I would encourage you to update this to async/await instead of coroutine, since the rest of the package uses it.

StephenHodgson commented 11 months ago

Also worth pointing out that the base Rest library already has support for streaming mp3s in this manor

raphik12 commented 11 months ago

In addition, this coroutine only copies part of the restParameters, the headers. It works, but it's not really robust.
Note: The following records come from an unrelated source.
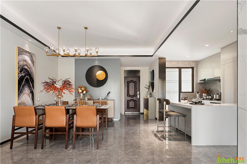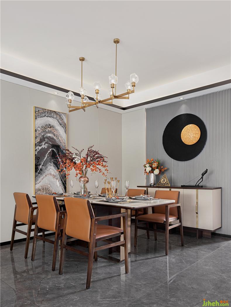 天然大理石臺(tái)面搭配具有裝飾線條感及簡(jiǎn)約、節(jié)省空間的桌腳設(shè)計(jì),樣板房設(shè)計(jì)有助于于餐椅的擺放使用方便性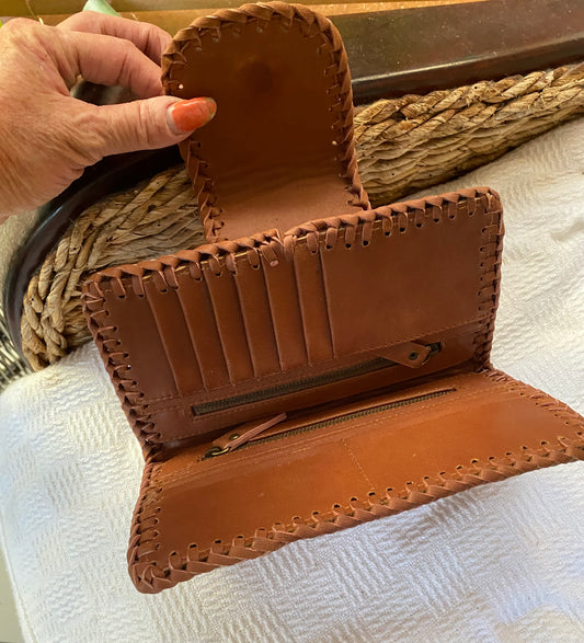 Aloha Mandala Leather Wallet Rustic Brown Plaid Stitching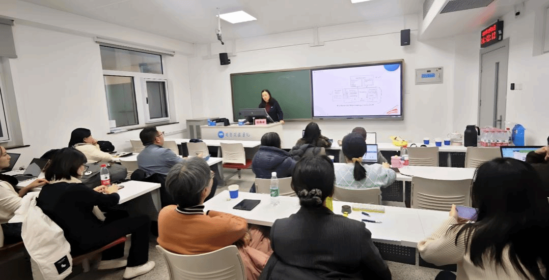 培训中,杨鲁新教授以英语叙事文写作为切入点,层层深入解析写作本质与过程底层逻辑。她围绕 AI 数智技术对写作教学的赋能路径展开分享,从数智工具如何优化写作过程指导、提升批改效率,到如何借助技术开展教学研究,每一个环节都结合教学实际案例进行详细阐释,既有理论高度的框架搭建,又有实操层面的方法指导。杨教授强调,数智技术并非替代教师,而是成为教学的 “得力助手”,通过精准赋能让教师更聚焦于育人本质。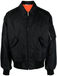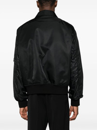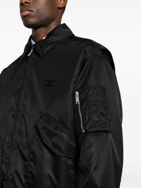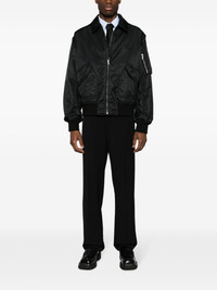 VLogo Signature-applique bomber jacket This black Valentino Garavani bomber jacket is as classic as it gets, save for the point collar and matching VLogo Signature applique at the chest – the heritage motif first debuted at the Sala Bianca show in 1968 and maintains its popularity to this day. Highlights - Valentino ready to wear - Shell - Vlogo signature applique at the chest - Classic collar - Front zip fastening - Long sleeves - Sleeve zip pocket - Two side flap pockets - Ribbed cuffs and hem - Straight hem - Contrast lining Made in Italy Composition Outer: Polyamide 100% Lining: Polyester 100% SIZE & FIT Model measurements Height 6 ft 2 in(1.88 m) Bust/Chest 34.64 in(88 cm) Hips 33.85 in(86 cm) Waist 27.55 in(70 cm) Washing instructions Dry Clean Only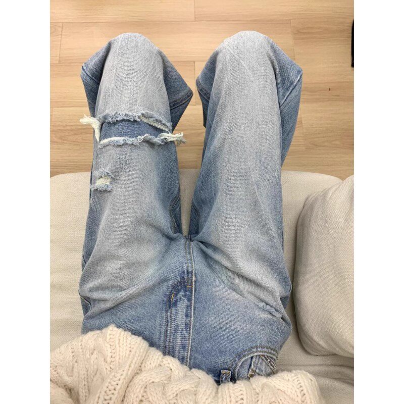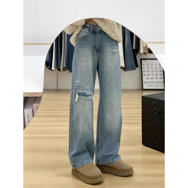 2025新款小个子窄版阔腿裤梨型身材胖mm巨显瘦裤子女款破洞牛仔裤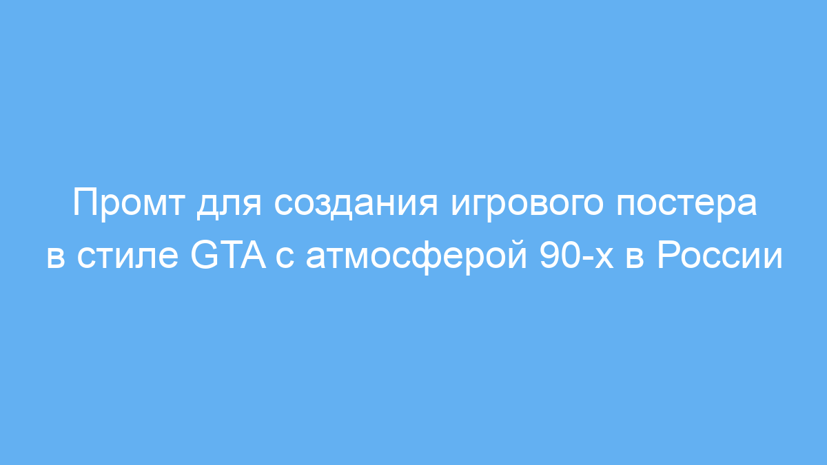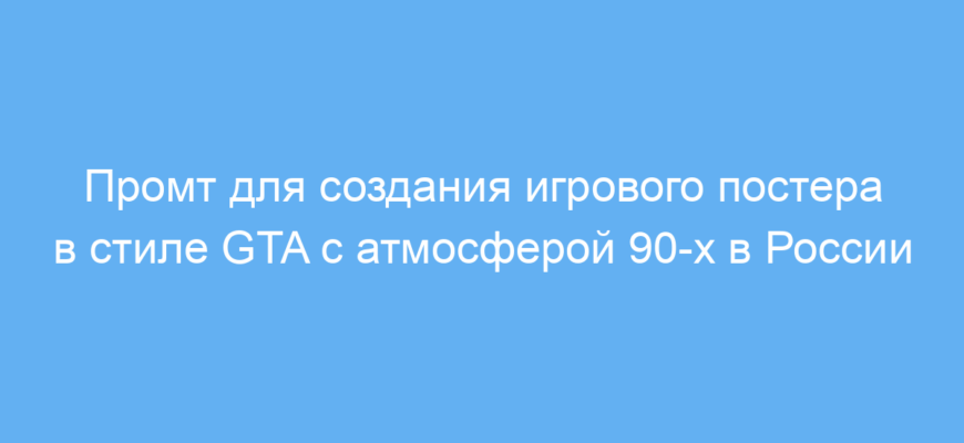 Этот промт помогает быстро создавать качественные игровые постеры в стиле Grand Theft Auto с уникальной атмосферой России 90-х годов. Он особенно полезен для проектов, связанных с ретро, играми и визуальными рассказами. Использование такого промта экономит время на детализацию и стилизацию, гарантируя яркий и узнаваемый результат.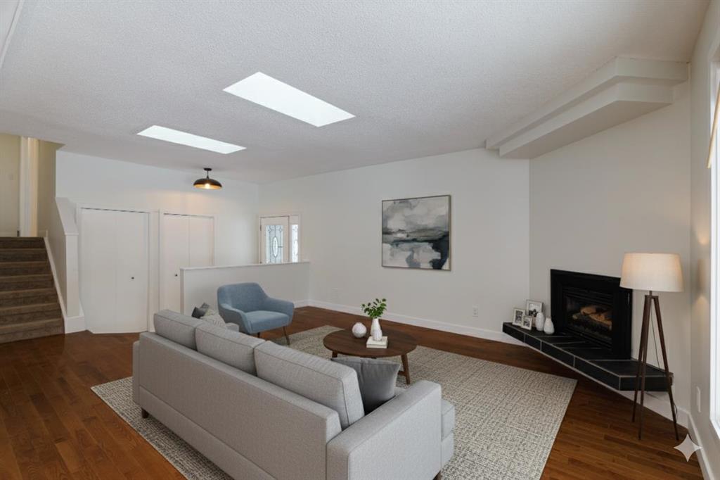 Welcome to this stunningly transformed 4-level split in the heart of Queensland, where mid-century charm meets contemporary luxury. No expense was spared in this top-to-bottom renovation, offering 1,738 square feet of finished living space. The main floor is a showstopper, featuring an open concept layout with gorgeous hardwood flooring and a custom kitchen. The culinary space boasts sleek navy and white cabinetry, a large central island, quartz countertops, a classic farmhouse sink, and a unique hexagonal tile transition that seamlessly blends the kitchen and dining areas. Large windows and dual skylights flood the space with natural light, highlighting the modern wood plank ceiling and industrial-chic lighting. Relax in the expansive living room, anchored by a sleek, minimalist fireplace with a slate hearth. Retreat to the upper level where you will find three generously sized bedrooms, including the primary with two piece ensuite. The lower level provides even more versatility with a massive recreation room—perfect for a home theatre or play area—along with a fourth bedroom and a second full bathroom, making it an ideal space for guests or teenagers. The basement level houses the laundry and a large open space ensuring you’ll never be short of storage. A separate entrance walks up to the large private yard with mature trees and plenty of space to roam. An oversized double detached garage and parking space for your RV complete this property. This home is ideally located and is just minutes from schools, shopping, the ridge at Fish Creek Park, and an off leash dog park. Don’t miss your chance to own one of the most uniquely renovated homes in this established, quiet community!

Again, it's because this is a quick fix calqued on this package's CreateSpeechAsync method.

raphik12 commented 11 months ago

I see that in Rest the StreamAudioAsync method has a comment on the downloadHandler.streamAudio = true; line: // BUG: Due to a Unity bug this is actually totally non-functional... https://forum.unity.com/threads/downloadhandleraudioclip-streamaudio-is-ignored.699908/ So I guess Rest's StreamAudioAsync doesn't work, maybe because the downloadHandler isn't initialized the same way?
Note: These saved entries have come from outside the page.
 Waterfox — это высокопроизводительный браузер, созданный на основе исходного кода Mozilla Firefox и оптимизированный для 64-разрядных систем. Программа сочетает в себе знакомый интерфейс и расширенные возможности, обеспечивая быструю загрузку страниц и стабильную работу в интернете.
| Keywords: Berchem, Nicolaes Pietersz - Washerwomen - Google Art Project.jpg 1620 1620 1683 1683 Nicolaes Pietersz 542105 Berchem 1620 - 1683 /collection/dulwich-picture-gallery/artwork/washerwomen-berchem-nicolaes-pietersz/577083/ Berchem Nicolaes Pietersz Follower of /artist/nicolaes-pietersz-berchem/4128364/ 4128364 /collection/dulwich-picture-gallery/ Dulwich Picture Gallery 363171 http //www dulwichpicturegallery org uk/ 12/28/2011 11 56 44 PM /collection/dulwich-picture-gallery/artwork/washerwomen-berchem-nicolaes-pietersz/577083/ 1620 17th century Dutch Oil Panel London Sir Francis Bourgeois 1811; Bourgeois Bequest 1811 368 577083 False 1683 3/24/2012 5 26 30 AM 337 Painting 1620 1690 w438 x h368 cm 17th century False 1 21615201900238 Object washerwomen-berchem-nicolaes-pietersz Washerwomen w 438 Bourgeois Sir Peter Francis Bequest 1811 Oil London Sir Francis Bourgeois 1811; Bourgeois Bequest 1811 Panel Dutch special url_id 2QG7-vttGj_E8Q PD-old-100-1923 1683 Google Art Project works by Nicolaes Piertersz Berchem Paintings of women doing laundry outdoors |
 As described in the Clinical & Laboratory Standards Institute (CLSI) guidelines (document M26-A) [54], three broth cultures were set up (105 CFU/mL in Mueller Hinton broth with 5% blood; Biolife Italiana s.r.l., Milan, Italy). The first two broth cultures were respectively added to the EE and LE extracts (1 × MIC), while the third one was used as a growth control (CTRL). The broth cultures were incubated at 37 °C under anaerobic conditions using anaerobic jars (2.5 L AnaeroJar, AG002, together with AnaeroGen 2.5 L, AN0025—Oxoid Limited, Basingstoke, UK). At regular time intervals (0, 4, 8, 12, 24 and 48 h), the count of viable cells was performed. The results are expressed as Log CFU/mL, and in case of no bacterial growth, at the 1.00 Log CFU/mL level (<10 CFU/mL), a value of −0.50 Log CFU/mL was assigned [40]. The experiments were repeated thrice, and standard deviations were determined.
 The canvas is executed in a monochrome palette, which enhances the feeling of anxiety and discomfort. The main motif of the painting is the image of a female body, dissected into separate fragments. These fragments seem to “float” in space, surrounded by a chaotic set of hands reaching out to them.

StephenHodgson commented 11 months ago

It does works for mp3 but the implementation is the same for the most part as your example above.

It does NOT work for mp3s of unknown length, which was impacting the elevenlabs plugin.

StephenHodgson commented 11 months ago

Anyway, the real fix needs to be done in the base rest package, as the cache mechanism implementation is currently a no op.

This also impacts image generation as well.